Patients arriving at a health care facility after arsenic exposures require assertive management. While gastrointestinal decontamination is unlikely to be of benefit, whole-bowel irrigation with an iso-osmotic, isoelectric cathartic (eg. polyethylene glycol solution) can be considered if an abdominal radiograph suggests the presence of large quantities of arsenic in the gastrointestinal tract. Hypotension and fluid loss should be treated with aggressive intravenous hydration to maintain blood pressure and urinary output. Electrolytes and serum glucose levels should be monitored and corrected. When ventricular dysrhythmias are encountered following arsenic exposure, class IA, IC and III antidysrhythmics should be avoided. Chelation in acutely-ill patients should involve the intramuscular administration of dimercaprol (BAL) at 3-5 mg/kg every 4-6 hours. BAL should be avoided in patients with peanut allergies and those known to be G-6-PD deficient. Once patients are hemodynamically stable and have adequate gastrointestinal function, they can receive oral succimer (DMSA) at 10 mg/kg every 8 hours. Succimer can also be given for chronic arsenic poisoning. Chelation therapy is not indicated for organic arsenic found in the urine of asymptomatic patients. Other chelating agents, such as EDTA and penicillamine have not been shown to be beneficial in arsenic poisoning. Hemodialysis is largely ineffective in removing bound or unbound arsenic, and should be considered only in patients with poor renal function.

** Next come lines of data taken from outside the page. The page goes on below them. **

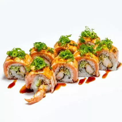 Запечений лосось гриль, соус спайсі, зелена цибуля, огірок, креветка в хрусткому клярі, соус унагі.
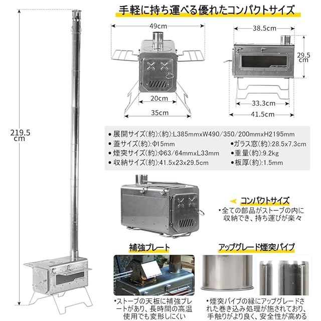 サイズ:使用時は(約)L385mmxW490/350/200mmxH2195mm、煙突は(約)ɸ63/64mmxL33mm、収納時は(約)41.5x23x29.5cmなコンパクトサイズに収納でき、持ち運び楽々。
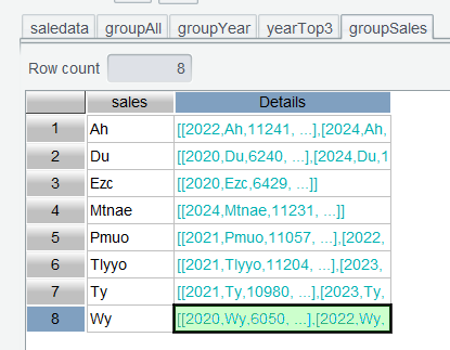 At this point each year’s details table under groupYear has been filtered and their top3s have been obtained. Yet these details tables are still subtables and inconvenient to view.
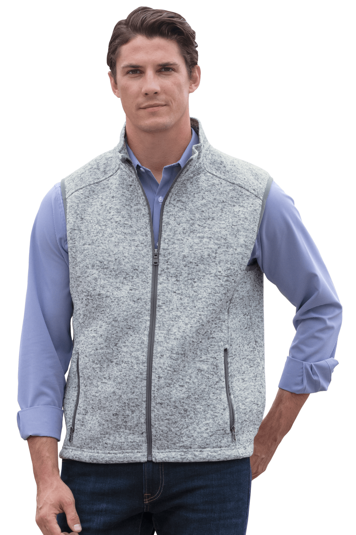 This essential layering piece combines the style of a heathered sweater with the comfort of your favorite fleece.
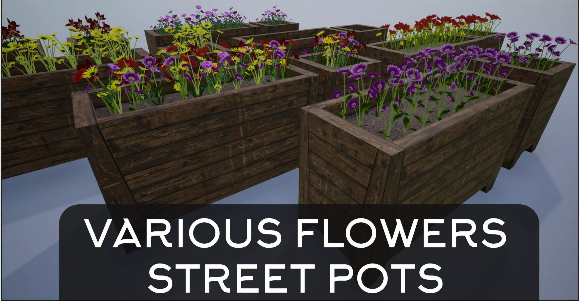 Wooden Big Street Flower Pots Low-poly 3D model
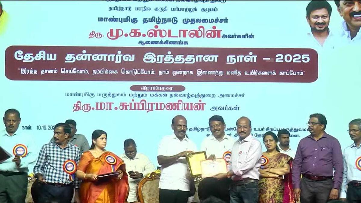 On the occasion of former Chief Minister of Tamil Nadu Kamarajarâs birthday, Theni Melapettai Hindu Nadargal Uravinmurai (TMHNU), Theni, organised a special blood donation camp. People of Theni District, teachers, and students from all schools and colleges donated their blood. It was conducted on National Voluntary Blood Donation Day at Tamil Nadu Multi-Speciality Hospital. Minister for Health and Family Welfare Ma. Subramanian presented the award for the service. TMHNU General Secretary M. M. Anandavel received the award.
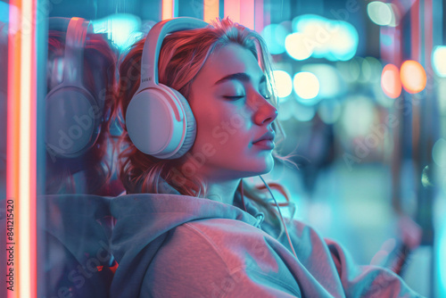 © Nam, Obraz premium a woman wearing headphones is sitting on a bus
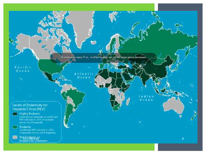 ГЕОГРАФИЧЕСКОЕ РАСПРЕДЕЛЕНИЕ Гепатит Е обнаруживается во всем мире, и различия в эпидемиологии определяются разными генотипами вируса гепатита Е. Самые высокие показатели доминирования серотипа наблюдаются в районах, где низкие уровни санитарии повышают риск передачи вируса. Более 60% всех случаев инфицирования гепатитом Е и 65% всех случаев смерти от гепатита Е происходят в Восточной и Южной Азии, где в некоторых возрастных группах показатели доминирования серотипа составляют 25%. В Египте половина населения в возрасте старше пяти лет серологически позитивна на вирус гепатита Е.
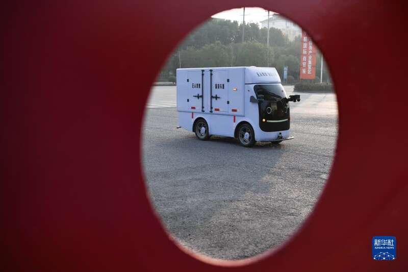 12月10日,在安徽省芜湖市南陵县,一款快递配送无人车在测试中。新华社记者 张端 摄
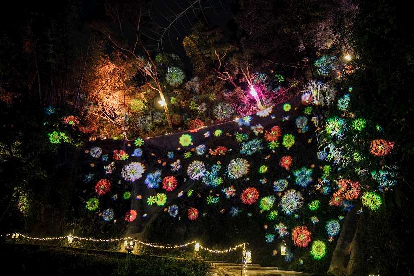 「夜綻之花」模擬峭壁間盛開的花朵,夜晚花蕊亮起後,民眾可輕觸花蕊,變換整串花朵的光影色彩,增添互動趣味;「蝶舞山林」取材大津周邊蝴蝶生態,蝴蝶燈飾沿山道佈置,部份還有動態開闔效果,營造蝴蝶飛舞意象;「文心蘭林」以文心蘭為主題,結合結構裝置與花藝設計,打造可供民眾穿梭其中的花林景觀;「花果天堂」則融合在地植物與水果意象,透過投影與螢光元素,打造必拍的沉浸式光影場景。
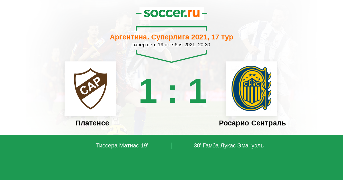 30' (1:1) Гамба Лукас Эмануэль (Охеда Педро (25))

Summary and discussion of case questions

  1. The toxicity of arsenic involves the inhibition of cellular metabolism resulting in cardiovascular collapse and arrhythmias; induction of oxidative stress leading to cell damage and hematological dysfunction; and alteration in gene expression resulting in mutaqenesis and carcinogenesis.
  2. In acute poisonings, gastrointestinal symptoms predominate, followed by hemodynamic instability and multiple organ dysfunction. With chronic poisonings, skin manifestations and peripheral vascular dysfunction may occur. With long term arsenic exposure, there is an increased risk of lung, skin and bladder cancers.
  3. Aggressive hydration, correction of electrolytes and serum glucose abnormalities, and appropriate chelation therapy are the mainstays of treatment. Gastrointestinal decontamination and hemodialysis have limited roles in therapy.